私は、普段推理小説は読むのに時間がかかってしまうタイプですが、こちらの作品はスラスラと読むことができました。

紫乃と頭の回転が早い光源氏の会話のテンポが軽快で読みやすいです。

生霊による謎の死など物語の中で起きた事件を深掘りして分析していくことで、より源氏物語の面白さを味わうことができました。

令和の現実世界では、やりたいことも取り柄もわからない紫乃。
しかし、源氏物語に入り、若紫になった紫乃はいきいきとしていて、事件、謎を解き明かそうと奮闘している姿に自分も謎を解いてみようという意欲を湧かせてくれました。

源氏物語のあらすじを振り返つつ、紫乃と一緒に物語の謎を解き明かしてみましょう。

次に読む本

「源氏物語あやとき草子(一)紫式部と彰子」(遠藤遼)

時は平安時代。
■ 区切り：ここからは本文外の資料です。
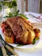 Bring to the boil. Mix 5 tablespoons of water and starch. Thicken sauce with it, bring to the boil again and season with salt, pepper and sugar. Arrange goose with apple slices and red cabbage on a plate. Garnish with marjoram.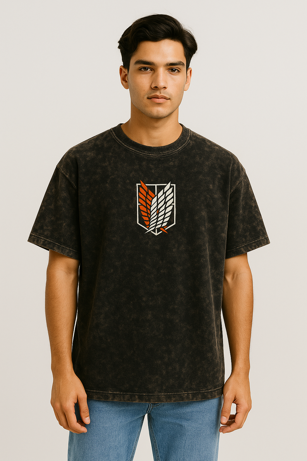 Command presence with the Silent Shadow – Levi Ackerman Oversized Tee. Crafted from heavy-duty 240 GSM cotton and finished with a premium acid wash, this shirt embodies the quiet strength of humanity’s mightiest soldier. The oversized fit ensures comfort and a streetwear edge, while the bold graphic pays tribute to Levi’s relentless precision and calm fury. Whether you're scouting the city or keeping things lowkey, let Levi's silent resolve speak for you.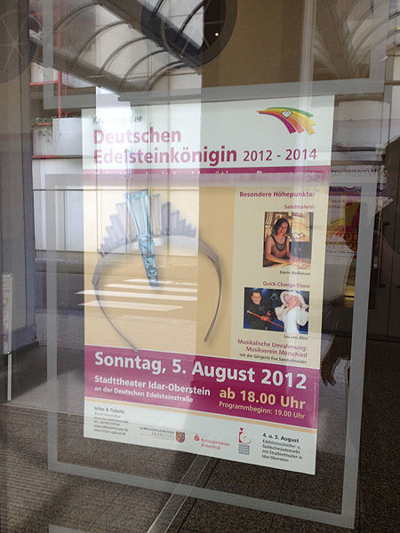 Idar Oberstein:Anlässlich der Krönungszeremonie der Deutschen Edelsteinkönigin fand im Stadttheater Idar Oberstein eine öffentliche Gala statt. Die Lex & Alina Show wurde für das Showprogramm gebucht und begeisterte das Publikum. Unmittelbar danach kam es zur Zeremonie. In einem Traum von Mint betrat Magdalena Meng, die neue Edelsteinkönigin, ihren Thron. Als Edelsteinkönigin präsentiert sie die Region und Wirtschaft der Deutschen Edelsteinstraße.

紫式部が源氏物語を執筆最中の頃。
最高権力者であった藤原道長に文才を認められ、道長の娘である中宮彰子に仕えることに。
紫式部が仕えていた彰子は一条天皇と結婚してから9年経過し、初めて懐妊されていた。
妊娠中の彰子は紫式部に漢文を教えてほしいと頼む。
なぜ漢文を学びたいのか、疑問に思いつつも彰子に漢文を教えることを承諾した紫式部。
実は彰子には誰にも話していない秘めた思いが隠されていて…。
彰子の強い志に心打たれた紫式部は源氏物語を書き続けようと決意する。

あき

なぜ紫式部は源氏物語では光源氏の妻の葵の上は生霊によって殺されることにしたのか、など源氏物語の有名な場面の設定の理由がいくつか知れてとても面白かったです。

また、この作品は紫式部と彰子とのやり取りがたくさん登場します。

源氏物語の1つ1つの場面には紫式部の彰子への強い忠誠心、思いが隠れていたり、彰子は自分のこと以外の人たちのことを考えて行動しようとする気持ちが垣間見れるでしょう。

紫式部と彰子の純粋な気持ち、思いやりがとてもすてきで温かい気持ちにさせてくれました。

紫式部の思惑が叶ったとき、感動シーンが待っているのでぜひ最後まで読んでみてほしいです。

おススメポイント

あき

この2作品に共通しているのは、平安時代、源氏物語が関連しているラノベ小説であるというところです。

この2作品を選定した理由は、『光る君と謎解きを 源氏物語転生譚』を読み終えた後に『源氏物語あやとき草子(一)紫式部と彰子』を読むと話の舞台となった源氏物語をある程度知った状態で紫式部がどのような思いで描いたのか、想像を掻き立てられて源氏物語も平安時代の頃の歴史も楽しめたからです。

どちらもラノベ小説なので、作者独自に考えたストーリーが大半なのはもちろん承知。
ですが、実際にあったことに沿った内容である、ない関係なく“源氏物語が、紫式部と彰子の関係がこういうシチュエーションだったら面白いのでは?”と常にワクワクしながら読み進められてとても新鮮でした。

源氏物語も平安時代に興味がある方にも2冊ともぜひ読んでみてほしいです。